Configure two-way data synchronization between ApsaraDB for MongoDB sharded cluster instances

The following table describes the precautions and limits when you synchronize data to a MongoDB database, such as a self-managed MongoDB database or an ApsaraDB for MongoDB instance.
Category Description
Limits on the source and destination databases
  • Bandwidth requirements: The server to which the source database belongs must have a sufficient egress bandwidth. Otherwise, the data synchronization speed is affected.
  • The collections to be synchronized must have PRIMARY KEY or UNIQUE constraints and all fields must be unique. Otherwise, the destination database may contain duplicate data records.
  • If you select collections as the objects to synchronize and you want to edit collections (such as renaming collections), up to 1,000 collections can be synchronized in a single data synchronization task. If you run a task to synchronize more than 1,000 collections, a request error occurs. In this case, we recommend that you split the collections to synchronize, configure multiple tasks to synchronize the tables, or configure a task to synchronize the entire database.
  • The following requirements must be met:
    • The oplog feature must be enabled.
    • For an incremental data synchronization task, the oplogs of the source database must be stored for more than 24 hours. If you perform both full data synchronization and incremental data synchronization, the oplogs of the source database must be stored for at least 7 days. After the full data synchronization is complete, you can set the retention period to more than 24 hours. Otherwise, Data Transmission Service (DTS) may fail to obtain the oplogs and the task may fail. In exceptional circumstances, data inconsistency or loss may occur. Make sure that you set the retention period of oplogs in accordance with the preceding requirements. Otherwise, the Service Level Agreement (SLA) of DTS does not ensure service reliability and performance

  • During a data synchronization task, ApsaraDB for MongoDB sharded cluster instances involved in the task cannot be scaled. Otherwise, the task fails.
Other limits
  • To ensure compatibility, the version of the destination MongoDB database must be the same as or later than the version of the source MongoDB database. If the version of the destination database is earlier than the version of the source database, database compatibility issues may occur.
  • If the source or the destination instance is located in a region outside the Chinese mainland, two-way data synchronization is supported only between instances located within the same region. For example, two-way data synchronization is supported between instances within the Japan (Tokyo) region. Two-way data synchronization between an instance in the Japan (Tokyo) region and another instance in the Germany (Frankfurt) region is not supported.
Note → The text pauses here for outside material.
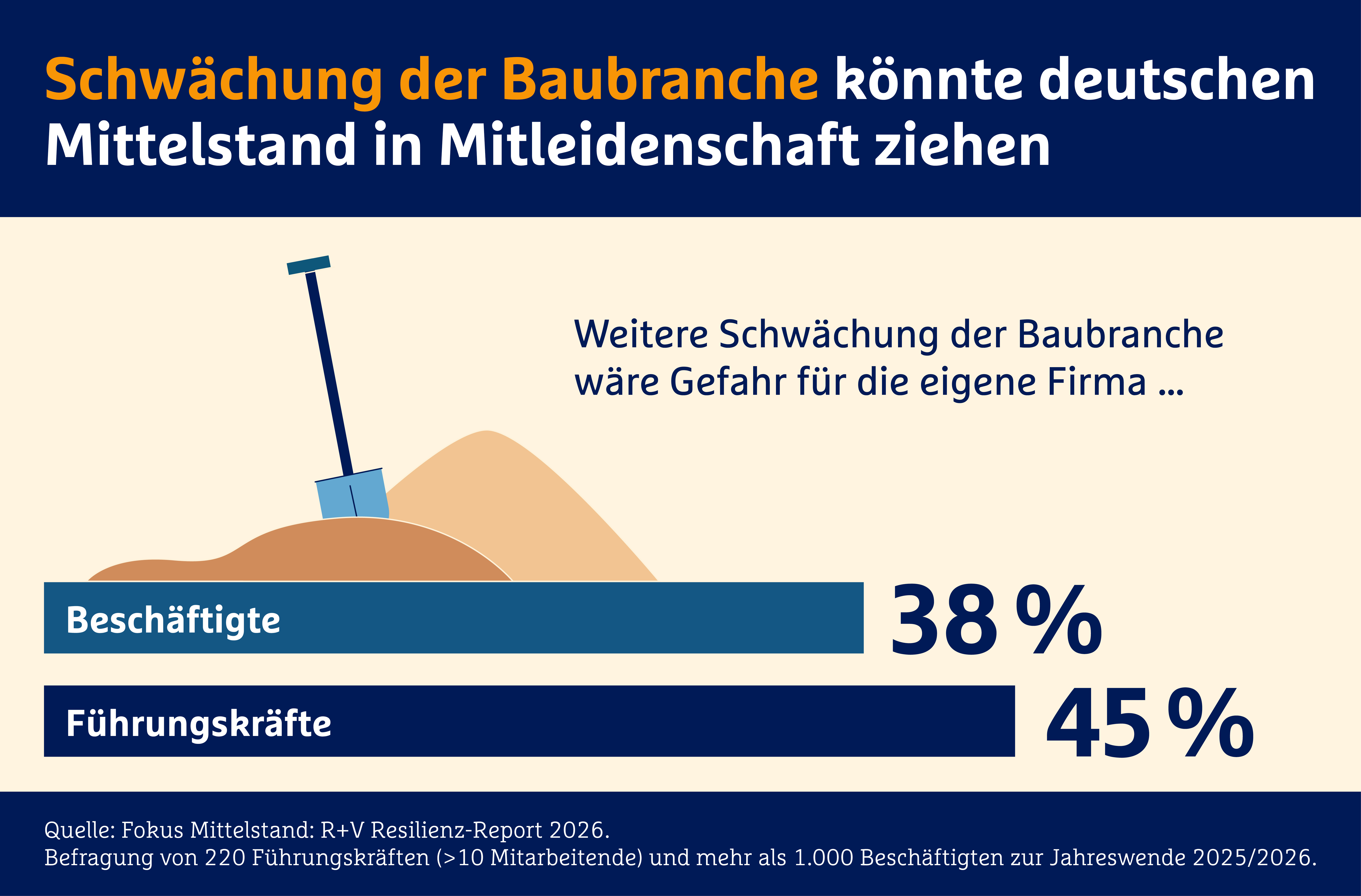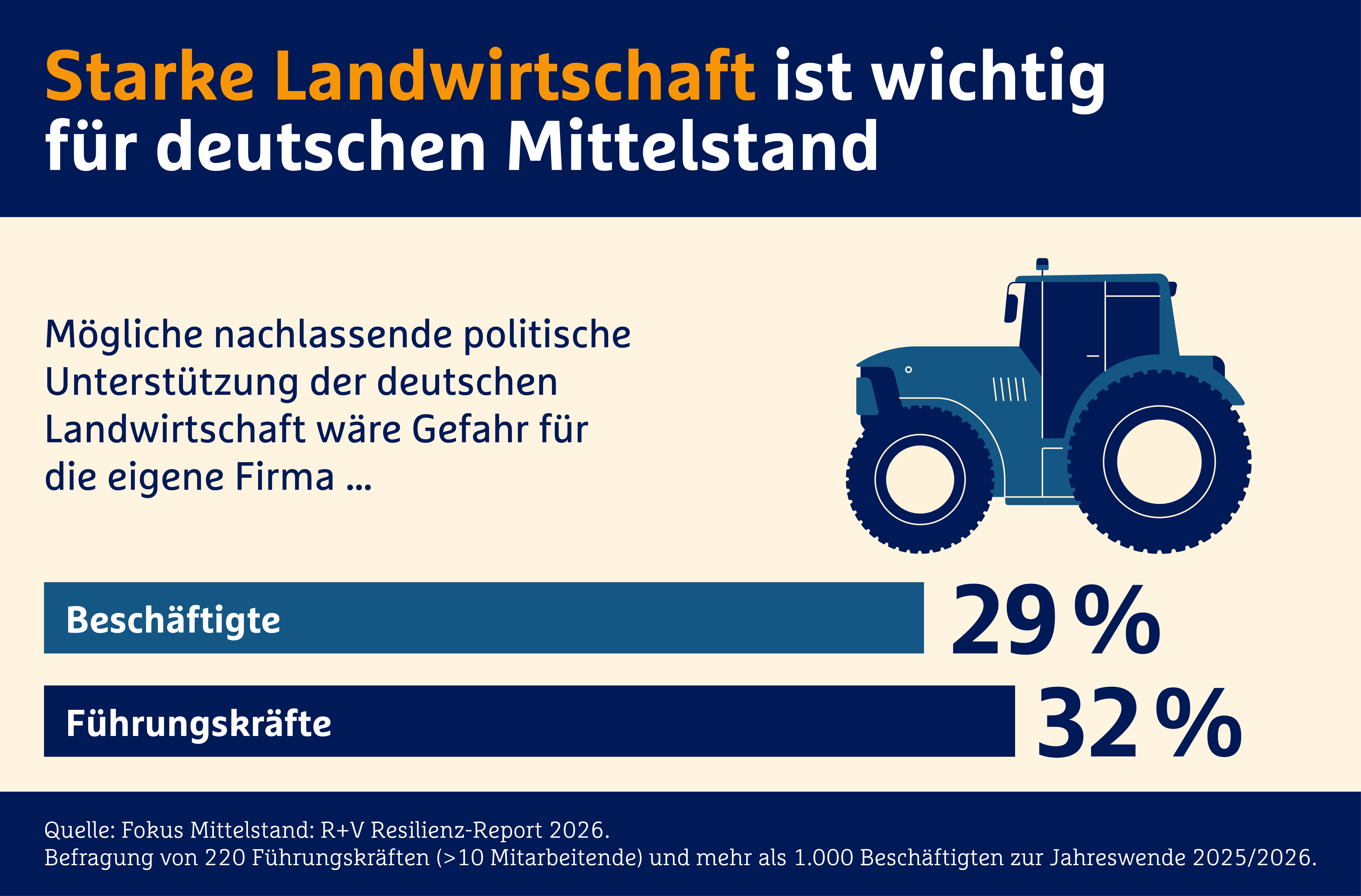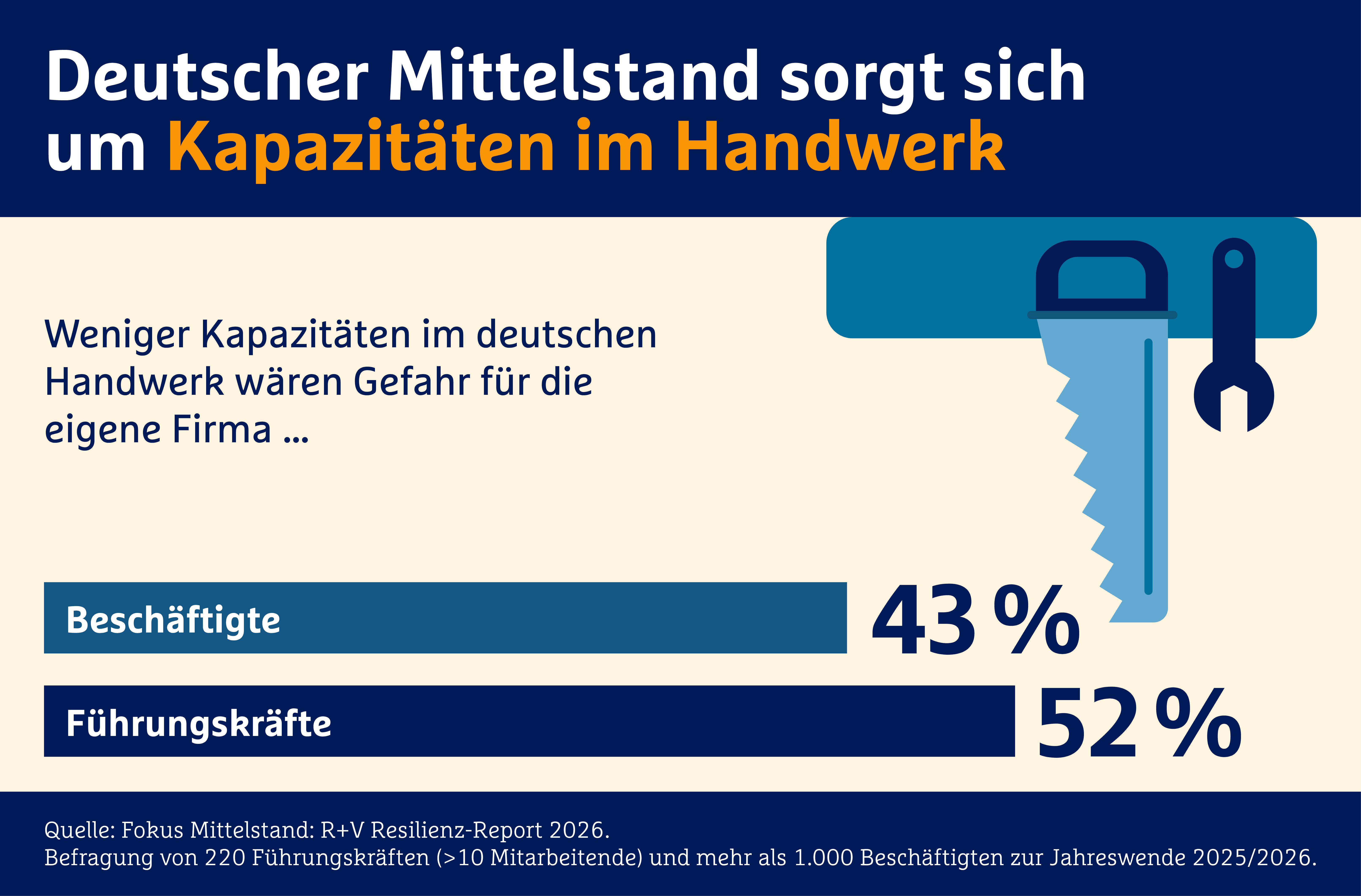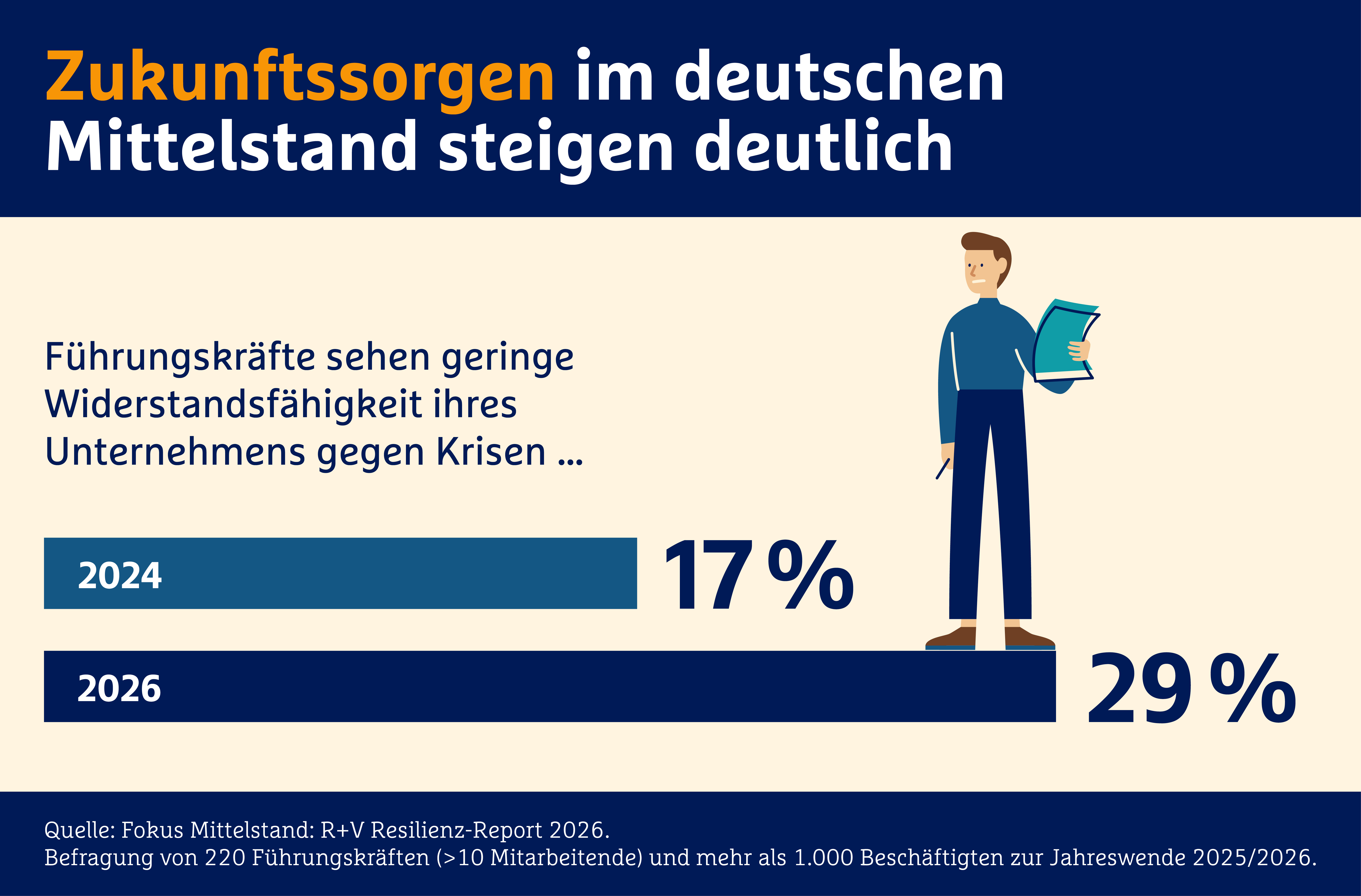 Wie gut ist der deutsche Mittelstand für die Zukunft gerüstet? Die Studie „Fokus Mittelstand: R+V Resilienz-Report 2026“ liefert zum zweiten Mal nach 2024 fundierte Antworten. Befragt wurden dafür zur Jahreswende 2025/26 parallel mehr als 220 Führungskräfte in Firmen mit mehr als 10 Mitarbeitenden und über 1.000 Beschäftigte. Dieses bifokale Studiendesign liefert ein aussagekräftiges Gesamtbild über die Themen und Herausforderungen im deutschen Mittelstand: beispielsweise zum Vertrauen in die Widerstandsfähigkeit des eigenen Unternehmens und zu den wichtigsten Handlungsfeldern und Maßnahmen, um die eigene Resilienz auszubauen.

  • DTS cannot synchronize data from the admin or local database.
  • Transaction information is not retained. When transactions are synchronized to the destination database, they are converted into a single record.
  • Before you synchronize data, evaluate the impact of data synchronization on the performance of the source and destination databases. We recommend that you synchronize data during off-peak hours. During full data synchronization, DTS uses read and write resources of the source and destination databases. This may increase the loads of the database servers.
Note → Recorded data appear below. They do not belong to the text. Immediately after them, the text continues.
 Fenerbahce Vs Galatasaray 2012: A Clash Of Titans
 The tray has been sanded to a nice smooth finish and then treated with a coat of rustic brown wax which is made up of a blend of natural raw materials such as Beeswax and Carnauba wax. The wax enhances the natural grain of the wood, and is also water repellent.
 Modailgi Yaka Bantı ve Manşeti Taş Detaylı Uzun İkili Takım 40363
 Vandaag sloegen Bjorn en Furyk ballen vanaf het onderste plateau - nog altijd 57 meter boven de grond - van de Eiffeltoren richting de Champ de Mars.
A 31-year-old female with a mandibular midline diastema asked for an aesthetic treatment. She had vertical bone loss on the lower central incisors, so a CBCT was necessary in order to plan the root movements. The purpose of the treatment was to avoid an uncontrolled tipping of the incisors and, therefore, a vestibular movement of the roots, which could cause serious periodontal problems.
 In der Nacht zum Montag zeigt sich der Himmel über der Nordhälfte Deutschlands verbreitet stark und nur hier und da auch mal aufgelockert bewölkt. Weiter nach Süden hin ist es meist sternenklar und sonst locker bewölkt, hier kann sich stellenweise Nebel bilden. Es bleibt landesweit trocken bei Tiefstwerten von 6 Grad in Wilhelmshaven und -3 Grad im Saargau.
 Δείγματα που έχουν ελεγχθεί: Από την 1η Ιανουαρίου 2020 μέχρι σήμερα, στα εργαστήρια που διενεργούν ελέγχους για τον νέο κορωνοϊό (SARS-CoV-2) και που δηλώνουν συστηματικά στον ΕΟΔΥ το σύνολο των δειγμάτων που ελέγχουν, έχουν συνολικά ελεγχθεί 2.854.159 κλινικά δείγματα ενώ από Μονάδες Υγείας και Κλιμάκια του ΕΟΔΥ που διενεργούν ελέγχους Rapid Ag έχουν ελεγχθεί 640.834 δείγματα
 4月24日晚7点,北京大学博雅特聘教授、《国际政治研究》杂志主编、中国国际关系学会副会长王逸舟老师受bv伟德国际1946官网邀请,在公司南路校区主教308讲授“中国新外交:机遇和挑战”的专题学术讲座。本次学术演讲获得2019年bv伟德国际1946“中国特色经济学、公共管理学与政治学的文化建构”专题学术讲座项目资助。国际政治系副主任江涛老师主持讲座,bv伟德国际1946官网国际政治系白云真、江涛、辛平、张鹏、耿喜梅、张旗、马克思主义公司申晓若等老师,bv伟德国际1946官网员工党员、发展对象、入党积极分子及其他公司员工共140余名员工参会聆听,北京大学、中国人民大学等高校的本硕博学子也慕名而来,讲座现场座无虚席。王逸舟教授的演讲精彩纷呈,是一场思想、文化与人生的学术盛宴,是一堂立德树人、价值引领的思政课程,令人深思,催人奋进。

  • During full data synchronization, concurrent INSERT operations cause fragmentation in the collections of the destination database. After the full data synchronization is complete, the storage usage of collections in the destination database is larger than that of collections in the source database.
  • During data synchronization, we recommend that you use only DTS to write data to the destination database. This prevents data inconsistency between the source and destination databases. If you use tools other than DTS to write data to the destination database, data loss may occur in the destination database when you use DMS to perform online DDL operations.